Me he descubierto soltando expectativas que no eran mías, sino heredadas.
Me he descubierto renunciando a comparaciones invisibles.
Me he descubierto aprendiendo a acompañarlo en lugar de corregirlo.
Ser mamá de un niño neurodivergente no es una tragedia ni un acto heroico.
Es un entrenamiento para ver con otros ojos.
Para escuchar lo que no se dice.
Para sostener sin asfixiar.
Para traducir mundos.
A veces es agotador.
A veces es hermoso.
Frecuentemente es ambas cosas al mismo tiempo.
Hace unas semanas, después de un día difícil, mi hijo me dijo:
—Mami, ¿yo soy malo?
El universo se detuvo.
Ese día entendí que mi tarea no es “normalizarlo”.
Mi tarea es protegerlo de la mentira de que debe dejar de ser quien es para ser aceptado, para ser amado.
No quiero un hijo que se esconda.
Quiero un hijo que se sepa digno. Quiero un hijo que crezca sabiendo que no está roto, que no es error, que no es falla, que no es excepción. Quiero un hijo que se sienta querido en la totalidad de su forma de ser.
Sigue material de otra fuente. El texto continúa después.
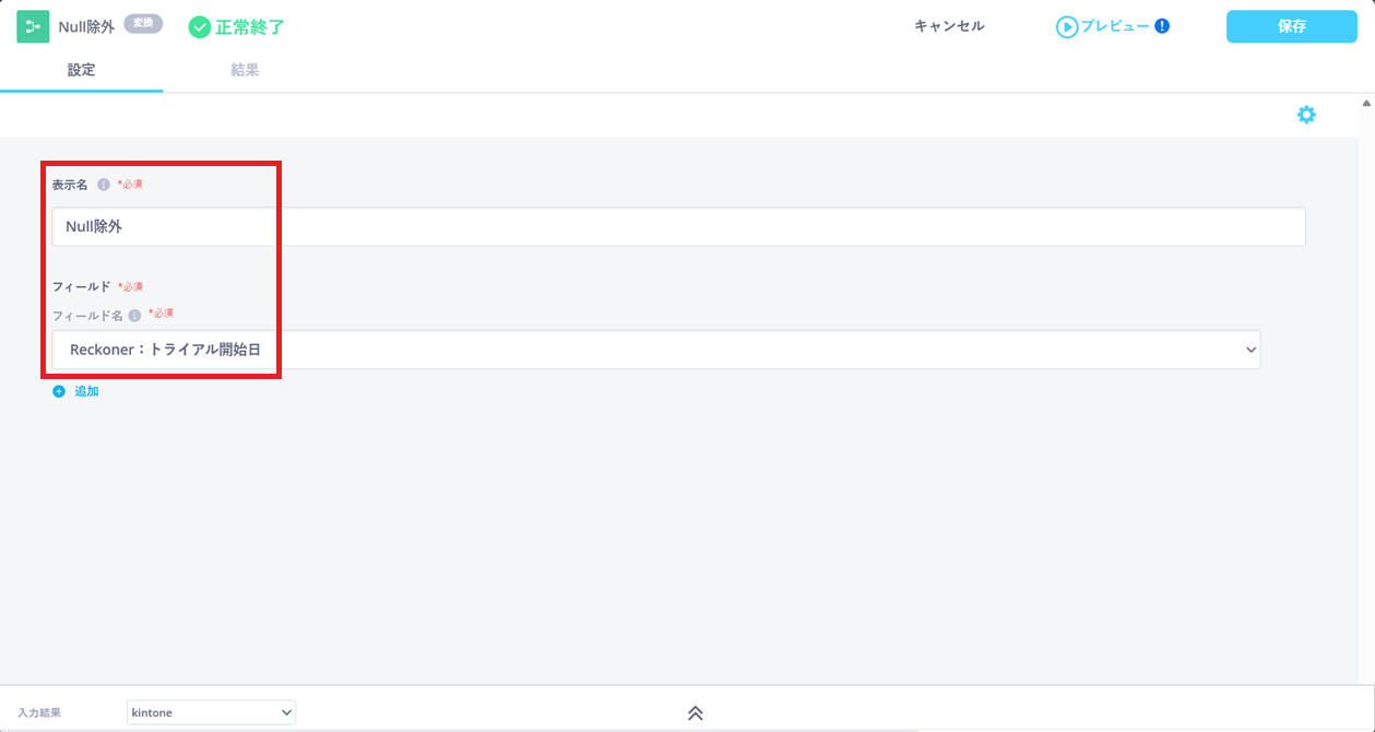 | フィールド名 | 必須 | データがnullであるか否かを確認したいフィールド名を選択 |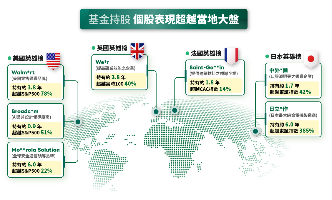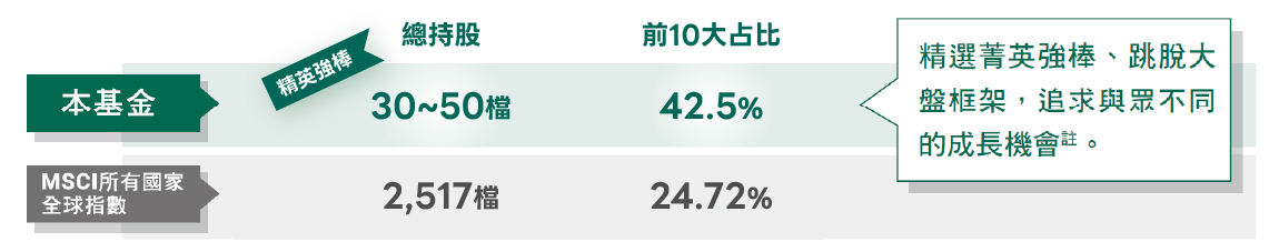 註:以2025/12/31為例,本基金持有之前10大持股企業,70%非參考指標之前10大持股,主動操作跳脫大盤、不從眾。基金配置會隨市況而變動,本公司不另行通知。圖文僅供參考,本公司無意藉此作任何徵求或推薦。申購本基金係持有基金受益憑證,而非本文提及之投資資產或標的。

Estamos al inicio del camino. Buscando terapias respetuosas. Leyendo sobre regulación sensorial, burnout autista, funciones ejecutivas, demandas excesivas.
No es excusa. No es moda. No es sobreprotección.
Es dignidad.Es darle a mi hijo el lenguaje que yo no tuve. Es decirle:
“No estás solo. No eres menos. No vas tarde. Tu cerebro es tuyo y es valioso.”
Sé que el mundo no siempre será amable. Pero yo sí puedo serlo. Sé que no puedo evitarle todas las frustraciones. Pero puedo ayudarle a interpretarlas sin vergüenza.
No sé todo. Apenas empezamos. Estamos aprendiendo juntos. Y eso también está bien.
Lo único que sé hoy es esto: Mi hijo no está roto. El mundo tampoco, pero necesita moverse. Y yo estoy aquí para caminar a su ritmo.
Su neurodivergencia no es sombra. Es brújula. Es mapa. Es un idioma nuevo que estamos aprendiendo a hablar. Y cada día lo entiendo un poco más: mi hijo no necesita cambiar para encajar; el mundo necesita expandirse para recibirlo.
Agradecimientos
A mi familia, que es el primer refugio de mi hijo y el mío. A quienes forman su tribu —su papá, sus abuelos, su madrina, su padrino y todas las manos que lo aman sin pedirle que deje de ser él—: gracias por caminar con nosotros, por desaprender junto a mí, por abrir el corazón a nuevas palabras y nuevas formas de entender la vida. A mi hijo, que me está enseñando un idioma que nunca imaginé aprender. Y a las mamás de niñeces neurodiversas, que caminan con el alma abierta, el cansancio acumulado y el amor encendido: las abrazo mucho.
Esta columna, este proceso, esta comprensión… también son suyas.